Серпилин вдруг почувствовал, что его тяжелая рука все еще лежит на худеньком плече докторши, и не только лежит, но даже опирается на это плечо. А она идет себе и как будто не замечает, даже, кажется, нарочно приподняла плечо. Идет и не подозревает, наверное, что бывают на свете такие люди, как Баранов.

— Вот видите, руку у вас на плече забыл, — глуховатым ласковым голосом сказал он докторше и снял руку.

— А вы ничего, вы обопритесь, если устали. Я знаете какая сильная.

«Да, ты сильная, — подумал про себя Серпилин, — с такими, как ты, не пропадем, это верно». Ему хотелось сказать этой маленькой женщине что-то ласковое и уверенное, что было бы ответом на его собственные мысли о Баранове, но что именно сказать ей, он так и не нашел, и они молча дошагали до того места, где лежал Зайчиков.
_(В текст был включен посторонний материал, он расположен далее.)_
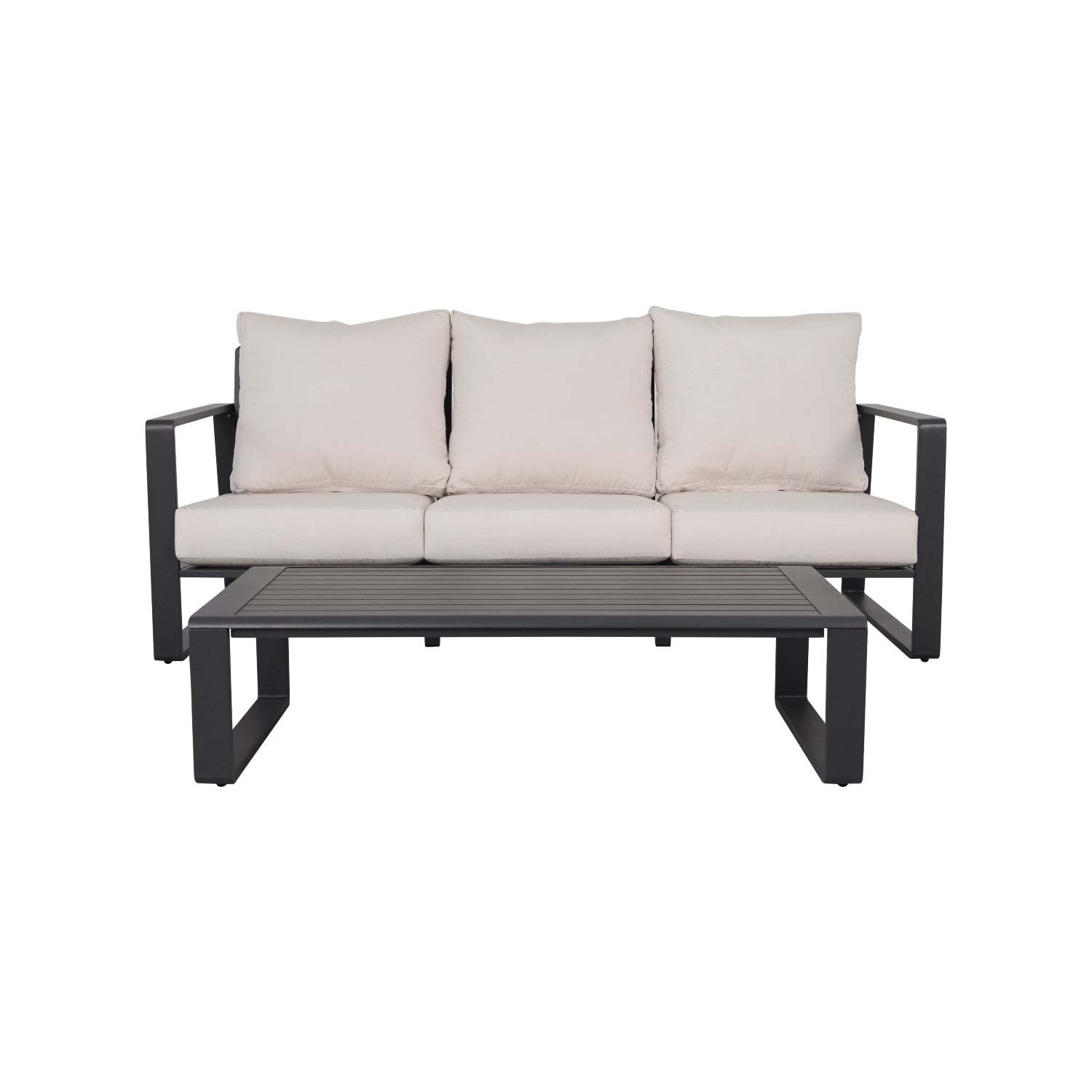 Contemporary 3-Seat Sofa & Table Set: Beige, Aluminum Frame
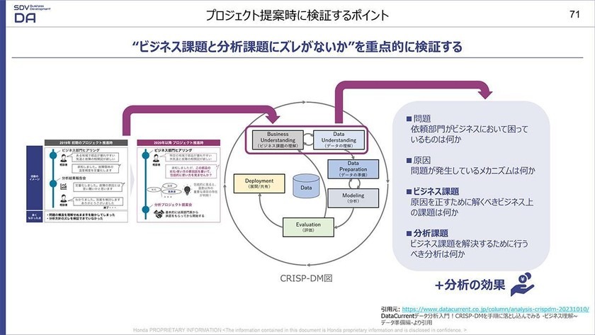 アプローチの際に最も時間をかけて取り組んでいるのが、上記スライド中央部の円の上部、ビジネス課題の理解と分析課題ならびに方向性の検証だ。このような考え方やアプローチは、データの分析プロセス手法として広く知られている「CRISP-DM(CRoss-Industry Standard Process for Data Mining)」が意図していることと同じだと、三輪は語る。

— Товарищ полковник, я привела, — тихо сказала докторша, первой становясь на колени у носилок с Зайчиковым.

Серпилин тоже стал на колени рядом с ней, и она отодвинулась в сторону, чтобы не мешать ему наклониться поближе к лицу Зайчикова.

— Это ты, Серпилин? — невнятным шепотом спросил Зайчиков.

— Я.

— Слушай, что я тебе скажу, — еще тише сказал Зайчиков и замолчал.

Серпилин ждал минуту, две, три, но ему так и не суждено было узнать, что именно хотел сказать новому командиру дивизии ее бывший командир.

— Умер, — чуть слышно сказала докторша.

Серпилин медленно снял фуражку, с минуту постоял на коленях с непокрытой головой, с усилием разогнув колени, встал на ноги и, не сказав ни слова, пошел обратно.

Вернувшиеся разведчики доложили, что на шоссе немецкие патрули и движение машин в сторону Чаус.

— Ну что ж, как видно, придется воевать, — сказал Серпилин. — Поднимите и постройте людей!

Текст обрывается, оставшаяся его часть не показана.